Configuration for consumer apps

While the Restrict-Access-To-Tenants header functions as an allowlist, the Microsoft account (MSA) block works as a deny signal, telling the Microsoft account platform to not allow users to sign in to consumer applications. To send this signal, the sec-Restrict-Tenant-Access-Policy header is injected to traffic visiting login.live.com using the same corporate proxy or firewall as mentioned in the proxy configuration and requirements section of this article. The value of the header must be restrict-msa. When the header is present and a consumer app is attempting to sign in a user directly, that sign-in is blocked.

At this time, authentication to consumer applications doesn't appear in the admin logs, as login.live.com is hosted separately from Microsoft Entra ID.

What the header does and doesn't block

The restrict-msa policy blocks the use of consumer applications, but allows through several other types of traffic and authentication:

  1. User-less traffic for devices. This option includes traffic for Autopilot, Windows Update, and organizational telemetry.
  2. B2B authentication of consumer accounts. Users with Microsoft accounts that are invited to collaborate with a tenant authenticate to login.live.com in order to access a resource tenant.
    1. This access is controlled using the Restrict-Access-To-Tenants header to allow or deny access to that resource tenant.
  3. "Passthrough" authentication, used by many Azure apps and Office.com, where apps use Microsoft Entra ID to sign in consumer users in a consumer context.
    1. This access is also controlled using the Restrict-Access-To-Tenants header to allow or deny access to the special "passthrough" tenant (f8cdef31-a31e-4b4a-93e4-5f571e91255a). If this tenant doesn't appear in your Restrict-Access-To-Tenants list of allowed domains, Microsoft Entra ID blocks consumer accounts from signing into these apps.

Platforms that don't support TLS break and inspect

Tenant restrictions depends on injection of a list of allowed tenants in the HTTPS header. This dependency requires Transport Layer Security Inspection (TLSI) to break and inspect traffic. For environments where the client's side isn't able to break and inspect the traffic to add headers, tenant restrictions doesn't work.

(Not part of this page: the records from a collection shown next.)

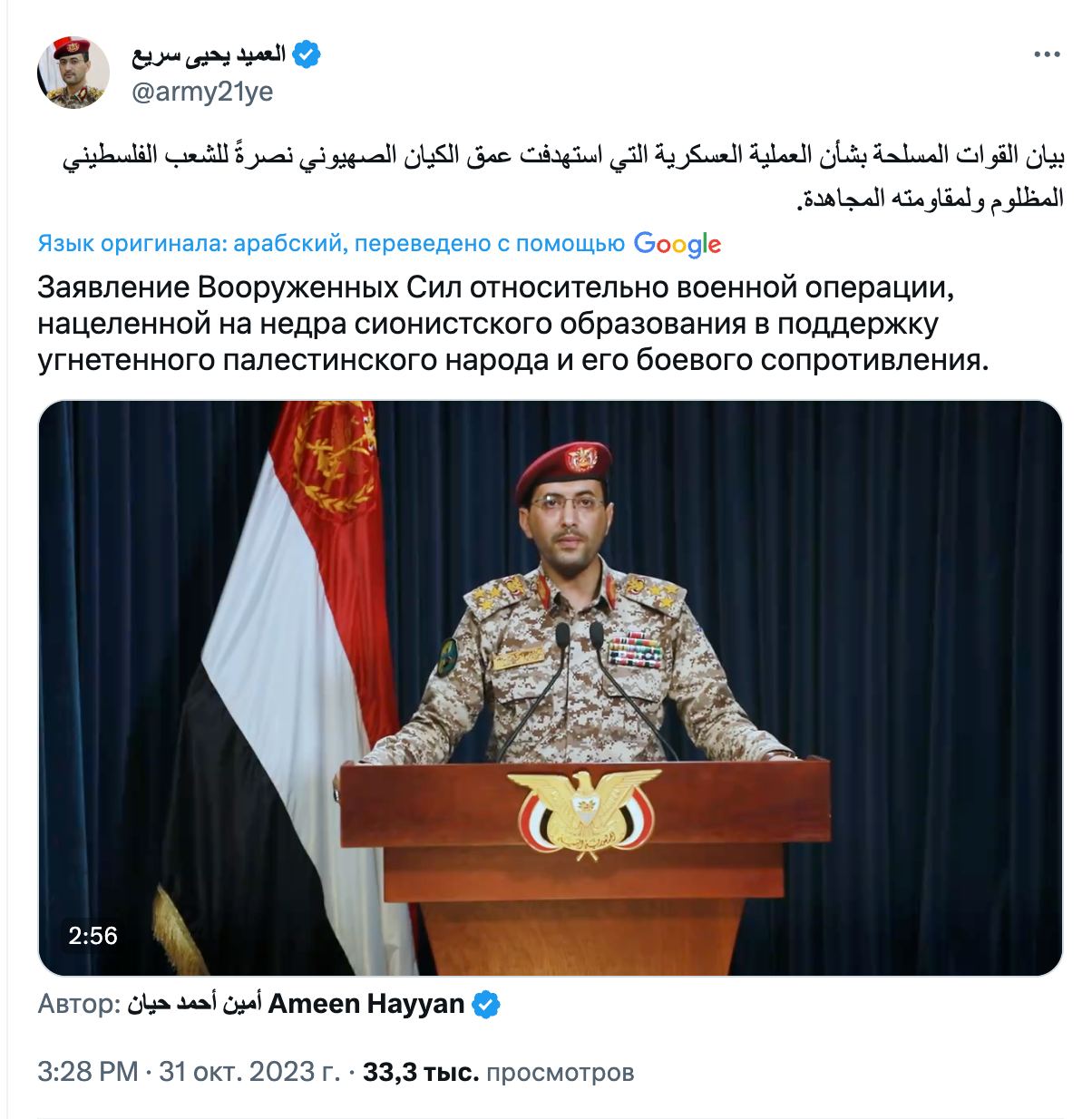 Об этом сказал в видеообращении, опубликованном в соцсети Х, йеменский бригадный генерал Яхья Сари.
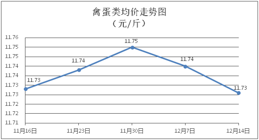 禽蛋类商品价格微幅下降。所监测的禽蛋类商品价格波动情况为3跌2平,综合零售均价为每斤11.73元,环比下降0.12%。其中:白条鸡、白条鸭零售均价分别为每斤20.92元、15.26元,环比分别下降0.10%、下降0.20%;鸡蛋、咸鸭蛋零售均价分别为每斤6.33元、8.93元,环比分别下降0.31%、持平。
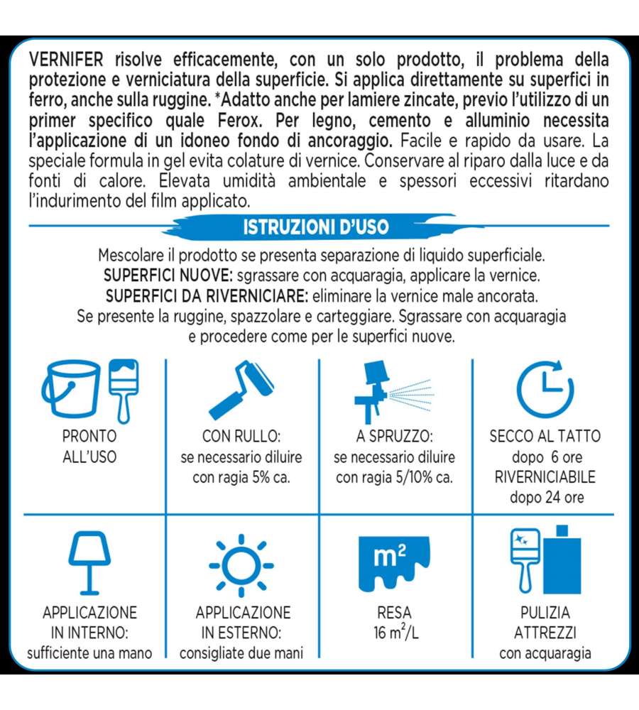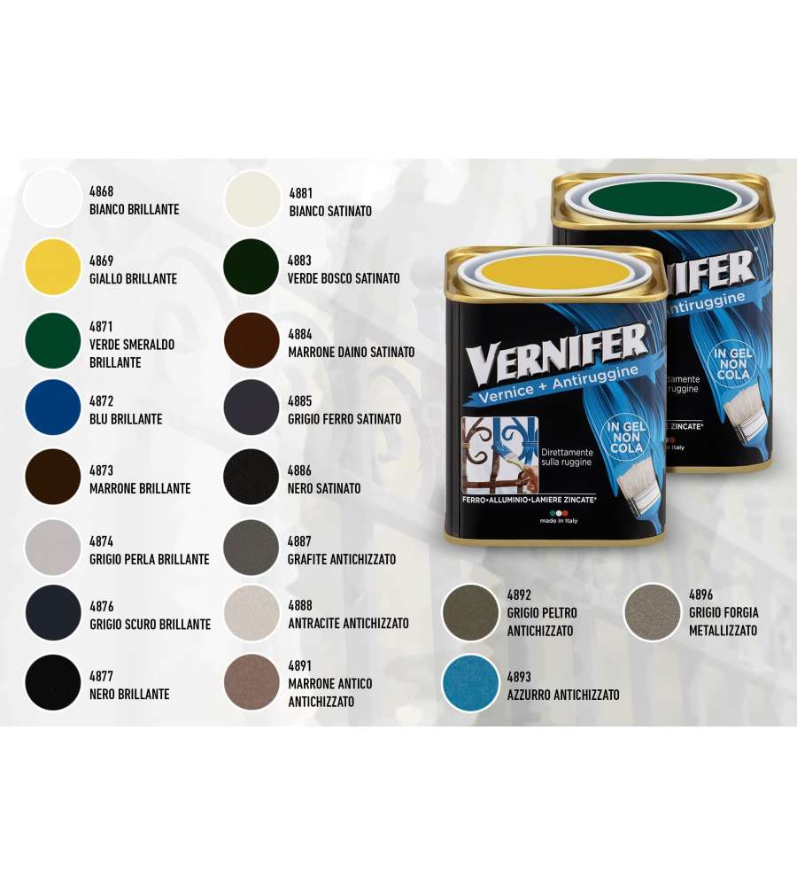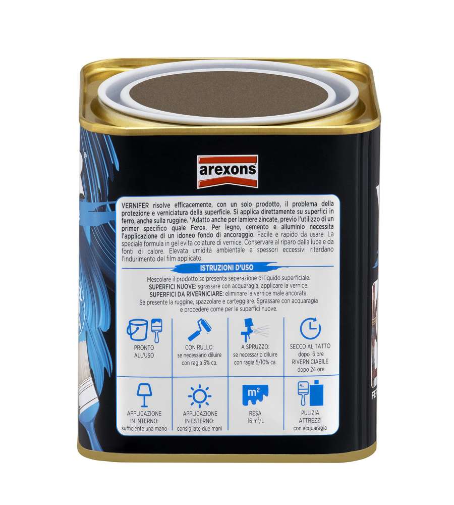 Vernifer Antichizzato Marrone Antico 750 ml: smalto antiruggine in gel, non cola, ottima pennellabilità, adatto per interni ed esterni, non necessita fondo anticorrosivo.Applicazione:
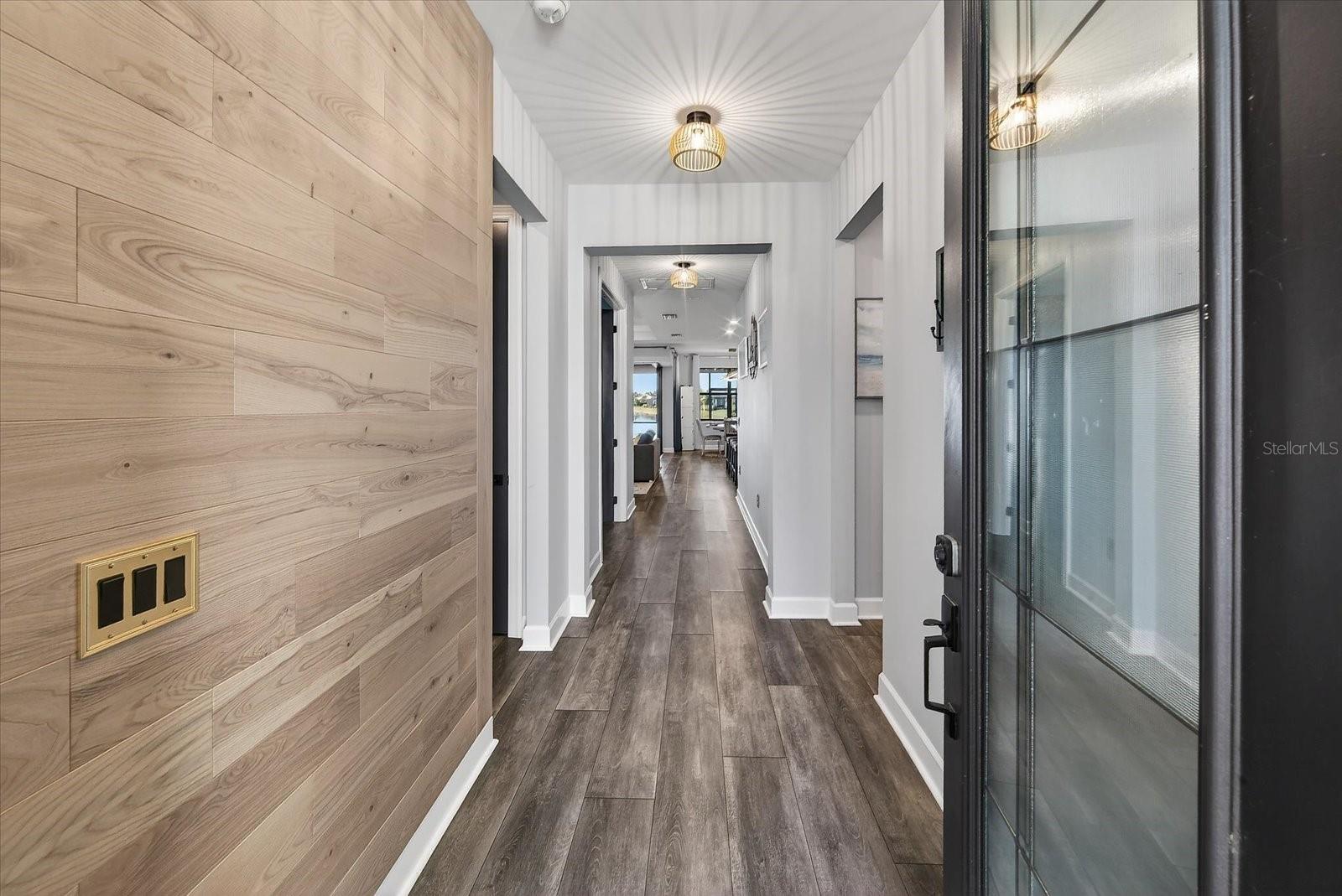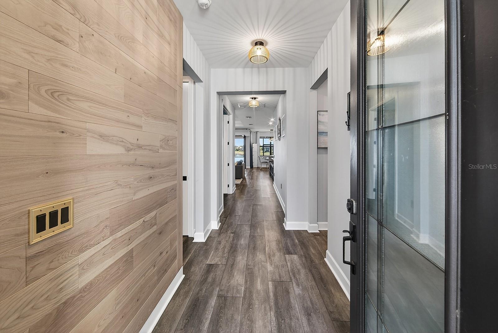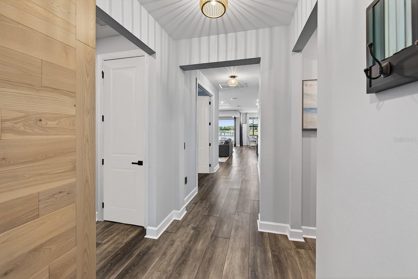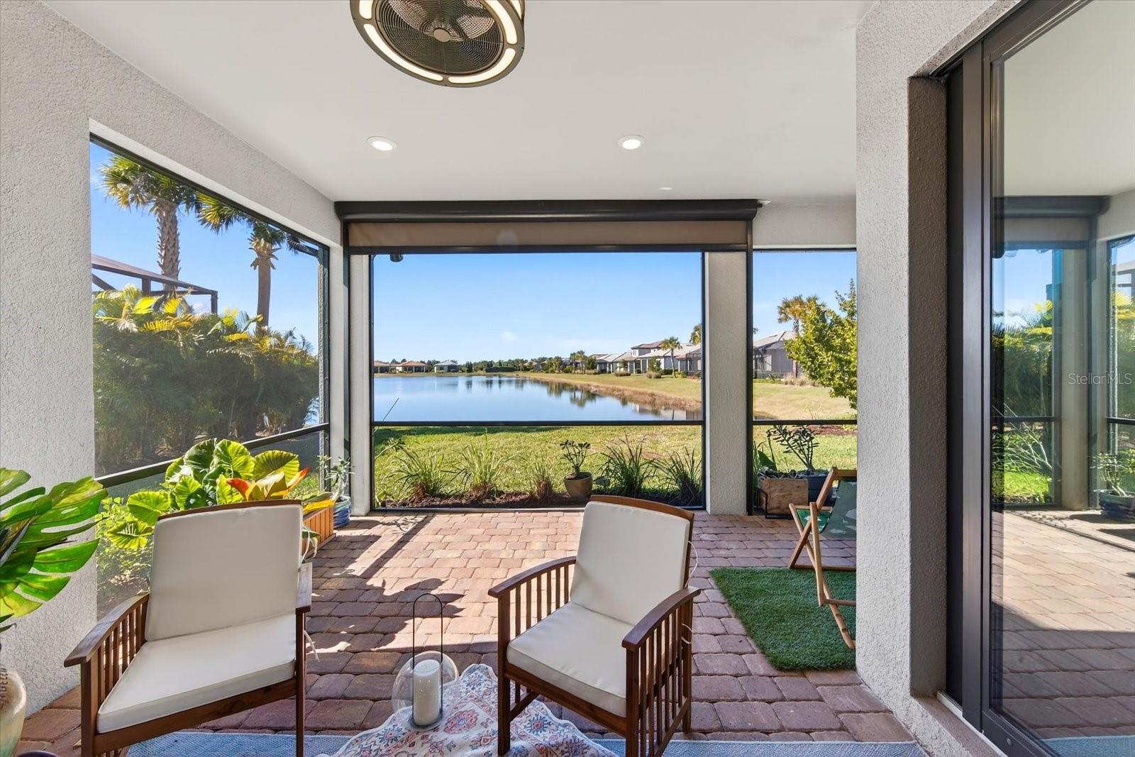 UPGRADES GALORE---STUNNING MYSTIQUE MODEL WITH SPECTACULAR WATER VIEWS! Why wait to build when this nearly new 2023 Mystique Model is move-in ready and packed with premium upgrades? Perfectly positioned on a coveted, unobstructed water-view lot, this immaculate home delivers exceptional style, comfort, and craftsmanship---designed to showcase the very best of Florida living. This captivating residence features 3 bedrooms, 2 bathrooms, and a versatile den, all within an open, entertainer-friendly floor plan. From the moment you arrive, professionally landscaped grounds with a custom border set the tone. Step through the modern full- glass front door and take in the breathtaking water views that immediately create a serene, welcoming ambiance. A striking wood- plank accent wall at the entry adds warmth and a relaxed coastal vibe. Luxury medium-toned vinyl plank flooring with cork backing flows throughout, offering both elegance and comfort. The great room is a true showstopper, highlighted by a tray ceiling and zero-corner pocket sliding doors that open to an expansive lanai---perfectly blending indoor and outdoor living. The lanai features a motorized hurricane shade, ceiling fans, a TV hookup, and space ready for the outdoor kitchen of our choice. And best of all, enjoy unforgettable Florida sunsets night after night. The chef’s kitchen is both beautiful and functional, featuring stainless steel appliances including an LG refrigerator, microwave, gas stove, and gas oven with Air Fryer capability (all under warranty). A large center island with designer pendant lighting anchors the space, while the walk-in pantry is enhanced with custom oak wood slat shelving. No detail was overlooked. Upgrades include quartz countertops throughout, custom cabinet hardware, designer lighting inside and out, marble windowsills, custom drapery treatments, UV- tinted windows and doors, custom interior paint, high-end ceiling fans, custom oak closet systems, a water filtration system, water softener, 8- foot interior doors, and 5-inch baseboards. The owner’s suite is a luxurious retreat with tranquil water views and a spa-inspired ensuite featuring dual vanities, quartz countertops, and an oversized walk-in shower with a rain-style showerhead and floor-to-ceiling tile. The custom walk-in closet offers exceptional storage with oak wood shelving. A privately located second bedroom features a charming bay window, while the adjacent bath includes a tub/shower combination with tile to the ceiling. A third bedroom is tucked away---ideal for guests. The flexible den is perfect for a home office, gym, or creative space. The laundry room impresses with a sink, generous cabinetry, ample counter space, and additional closet storage. A convenient drop-zone near the garage entry adds everyday functionality. The oversized 2-car garage includes a 4-foot extension, epoxy flooring, overhead storage and bike racks, and an EV charger---a rare and valuable bonus. This exceptional Mystique Model offers luxury, thoughtful design, and premium upgrades rarely found in a move-in ready home. Schedule your private showing today and experience this extraordinary waterfront opportunity firsthand.

Take the example of Android 7.0 and onwards. Android changed how it handles trusted certificate authorities (CAs) to provide safer defaults for secure app traffic. For more information, see Changes to Trusted Certificate Authorities in Android Nougat.

Following the recommendation from Google, Microsoft client apps ignore user certificates by default. This policy makes such apps unable to work with tenant restrictions, since the certificates used by the network proxy are installed in the user certificate store, which client apps don't trust.

For such environments that can't break and inspect traffic to add the tenant restrictions parameters onto the header, other features of Microsoft Entra ID can provide protection. The following list provides more information on such Microsoft Entra features.

However, some specific scenarios can only be covered using tenant restrictions.